Layne Bradshaw, Rashmish K. Misha, Andrea Mitridate, and Bryan Ostdiek
This project explores the benefits of different methods to decorrelate the jet mass from a machine learning jet tagger. The paper can be found at [https://arxiv.org/abs/1908.08959]. If you use any of the results from this study, please cite:
@article{Bradshaw:2019ipy,
author = "Bradshaw, Layne and Mishra, Rashmish K. and Mitridate,
Andrea and Ostdiek, Bryan",
title = "{Mass Agnostic Jet Taggers}",
year = "2019",
eprint = "1908.08959",
archivePrefix = "arXiv",
primaryClass = "hep-ph",
SLACcitation = "%%CITATION = ARXIV:1908.08959;%%"
}
For reproducibility, we have included the environment we used. To generate this environment (conda is required)
make create_environment
conda activate massagnosticjettaggers
All of the preprocessing of the data can be done with make data
The models have already been trained, and the training takes quite a bit of time. However, they can be retrained using
make base_nn
make uBoost
make BDT
make planed_nn
make planed_bdt
make pca_nn
make pca_bdt
The predictions for the test data can be made using make predictions
. After the predictions are made, the metrics are computed with make metrics
.
├── LICENSE
├── Makefile <- Makefile with commands like `make data` or `make train`
├── README.md <- The top-level README for developers using this project.
├── data
│ ├── interim <- Intermediate data that has been transformed.

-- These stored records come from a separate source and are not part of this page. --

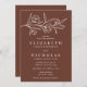 Elegant floral wedding invitations featuring white sketched flowers and leaves near the top of the invite with a dark brown background. Personalise the botanical wedding invitation with your names and wedding details below in classic white lettering. Designed to coordinate with our Sketched Floral wedding collection.
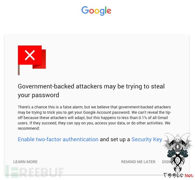 谷歌方面识别出这次攻击是由政府赞助黑客发动,受害者身份通常为:积极分子、新闻记者、政策制定者等,他们会向这些受害者发出正被黑客攻击的通知。
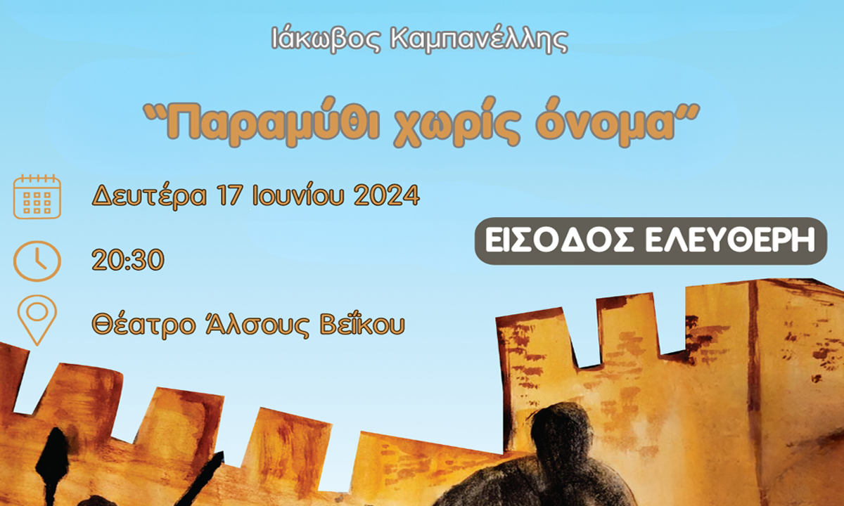 Την Δευτέρα 17 Ιουνίου, η θεατρική παράσταση «Παραμύθι χωρίς όνομα», του Ιάκωβου Καμπανέλη, ανεβαίνει στο Ανοιχτό Θέατρο Άλσους Βεΐκου, από τη Δημοτική Θεατρική Σκηνή Γαλατσίου, Ώρα έναρξης 20:30, σκηνοθεσία Γεωργία Δαμήλου, τραγούδι Πέτρος Καψάλης. Είσοδος ελεύθερη…

│ ├── modelprediction <- The final, canonical data sets
│ └── raw <- The original, immutable data dump.
│
│
├── models <- Trained and serialized models and histories
│ ├── adv <- Adversarial trained networks
│ └── histories <- Adversarial training histories
│
├── notebooks <- Jupyter notebooks. Naming convention is a number (for ordering),
│ the creator's initials, and a short `-` delimited description, e.g.
│ `01-bo-CheckScaling.ipynb`.
│
├── reports <- Generated analysis as HTML, PDF, LaTeX, etc.
│ └── figures <- Generated graphics and figures to be used in reporting
│
├── environment.yml <- The requirements file for reproducing the analysis environment
│
├── setup.py <- makes project pip installable (pip install -e .) so src can be imported
└── src <- Source code for use in this project.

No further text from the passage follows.